You could pay $15.00 to get a photo of your pet with Santa. We saw Santa walking around beforehand, his slightly yellowed fake beard and dirty jacket lying on a table. He looked a bit disheveled, with about an inch of his bare leg skin peeking out from his too-short velvet knickers. It looked like he was having a rough day, but hey, being Woofstock's Santa has got to be a tough job. So much dog pee and all.



I would totally pay $15 to have a picture like this. Sadly, when we later walked past the Santa station Christina overheard one of the photographers say to the other: "We have got to get rid of this Santa." Poor (possibly hungover) Woofstock Santa :(

I really wish I had taken DJ's picture with him before Santa was honorably discharged.


There was no Mrs. Claus photo option, this was just a sweet elderly lady dressed up with her Dachshund. I would never dream of making fun of an old person dressed up in costume at a dog festival because, to be honest, I'm pretty sure that's exactly where my life path is leading me. Guaranteed you will see me at Winter Woofstock or a similar festival in 20 years dressed in a sad, homemade costume. Probably without a dog, making it even sadder.

We decided to check out some of the Mr. & Mrs. Canine Canada Pageant, where dogs and their owners paraded down a runway while commentators ( like a real life Best in Show!) narrated and prompted the dogs to show off with tricks. The majority of dogs were in costumes and the minority of dogs seemed to enjoy it.


Now, you're probably not going to want this dog as the wide receiver on your football team. Nonetheless, this pretty princess pulled off a few tricks in her tutu.


...and the crowd went absolutely wild.



While it may appear that the crowd is delighted by this denimed ballerina, let's take a closer look...


PISSED.

By this point I was beginning to realize that the dog model scout most likely wasn't going to handpick DJ and me out of the crowd to enter the competition. When I asked people, everyone pretended like they'd never heard of the dog model scout, like I was some crazy lady ranting about dog modelling contracts or something. There would be no strutting our stuff on the runway, no Italian Vogue covers, no modelling contracts and probably no free dog food. It really put a damper on the day for DJ and me.


So we tore that place UP. This could have been your Mrs. Canine Canada, Woofstock! But then we watched a dog obstacle course which calmed us down. Dogs running around traffic cones always has that soothing effect on me.


We ended the day by walking the red carpet meant for VIP dogs. Too bad we were red carpet-crashed by the mangy white dog trying to steal DJ's thunder; what a biotch! Don't worry-- I promptly got this dog removed and hopefully banned from all future Woofstocks. There's a time and a place, you know?

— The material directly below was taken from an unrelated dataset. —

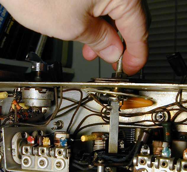 The flat bandshaft is held onto the bandswitch with a tight spring clip. I wasn't able to free it from the clip until I loosened the bandswitch mounting outside the chassis and rocked the assembly to one side, as shown below. Once that's done, you can draw out the bandshaft from below. Note: While the bandshaft is out, be careful not to move the bandswitch connection or the switch wafers, which could disturb the tuning and goof up a lot of circuit connections.
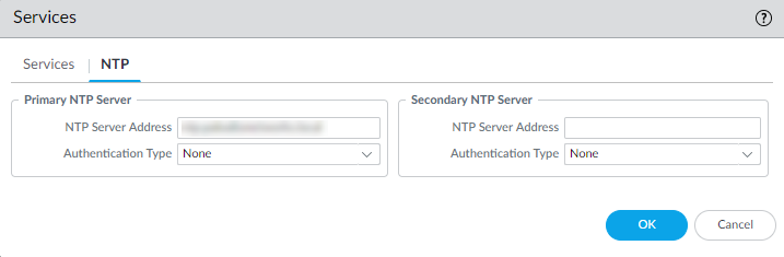(Optional) Enter a Secondary NTP Server address.(Optional) To authenticate time updates from the NTP server(s), for Authentication Type, select one of the following for each server:- None—(Default) Disables NTP authentication.

Winter Woofstock--where dogs are fun!

(writing taglines is also fun.)

The best part about Winter Woofstock? There's a summer Woofstock, too! That means this summer we get to borrow some dogs, eat ice cream and watch a dog swimsuit contest! See ya there in seven (7) months!

PS--A big thank you to Ron for letting us spend the day with DJ!

PPS--I did some research to try and find out who did end up winning Mr. Canine Canada and you know what? I think that our friend Timmy/Christopher Lloyd ended up taking the crown! Congrats, Timmy! You've earned it by the sheer number of years you've lived and because you look like Christopher Lloyd.

Friday, November 26, 2010

Cut it Out, Harry Potter! My Career Advice

I recently took a long, hard look at our economy and realized that perhaps my cosmopolitan travelling posts aren't very practical right now. Who can dream of currently vacationing in Detroit? Only the lucky few. I don't want to depress my readers with far-off places that they'll never see, I need to help my readers with sensible tips and pointed advice. And so, dear readers, welcome to my first "Cut-throat Careers" themed blog, sure to help you land that dream job, earn that corner office or at the very least, not get fired from your current job.

I'd like to walk you through the steps that I take upon finding a job that strikes my fancy (note--though I currently already work in my dream job, I apply for jobs on a regular basis to keep my skills sharp).

Step 1: Find a job that strikes your fancy.

In my case, it was a prestigious position working at the Ontario Science Centre's summer exhibition entitled "Harry Potter: The Exhibition." This exhibition was going to be one of the most exciting Harry Potter exhibits ever to hit the world, full of props, costumes, artifacts, all kinds of things that Harry Potter fans care about. The OSC was seeking out talented individuals who would be able to lead the groups of visitors around the various Harry Potter stations (magic, flying, broom game thing, wizards, etc.) and answer any questions. The guides were also required to speak in British accents to remain in character and to wear cloaks. Now, I've never read/watched Harry Potter but I knew this was the chance of a lifetime. I immediately sent over my cover letter and resume.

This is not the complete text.